Meet Hotel Ranque, my hotel


Hotel Ranque

📍 87 avenue Ledru-Rollin, Paris – between Bastille, Marché d’Aligre and Gare de Lyon

⭐️ Small 3-star boutique hotel with four “signature” experiences:

  • ♟️ Chess club & bar
  • 🚴 Cycling lab – indoor smart trainer, virtual Mont Ventoux rides
  • Specialty coffee corner
  • 🧘 Yoga & inversions mini studio


This hotel now has:

  • A website: hotelranque.com
  • A known address inside Paris
  • A Google Business Profile (and place_id)


We are now waiting for guests coming from ChatGPT!

Day 0 — Make the entity real


23 November – 0% visibility


I started with the basics: existence.


1. Domain + website

  • Bought hotelranque.com
  • Generated a full boutique hotel website:
    • Home, Rooms, Experiences, Neighborhood, For-Whom, FAQ, Contact
    • Each experience has its own page (chess bar, cycling lab, coffee, yoga)

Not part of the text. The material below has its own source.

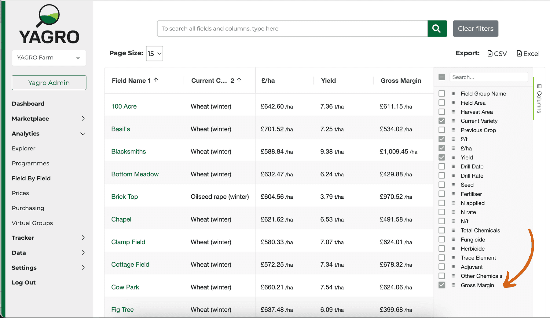 Gross Margins have also been added as a filter within the 'Field by Field' tab to allow greater understanding and interrogation of individual field performance.

Nothing fancy behind the scenes – just static pages, but clean structure and lots of content.


Homepage of Hotel Ranque - hotelranque.com


2. SEO & structure


On top of the copy, I added:

  • Proper titles & meta descriptions
  • A sitemap
  • DEEP Hotel schema.org with:
    • Address, geo, amenities, audience, knowsAbout, etc.
  • FAQPage schema.org on basically every page


Think of it as over-described hotel syndrome. If an LLM pokes the HTML, it finds ready-made answers.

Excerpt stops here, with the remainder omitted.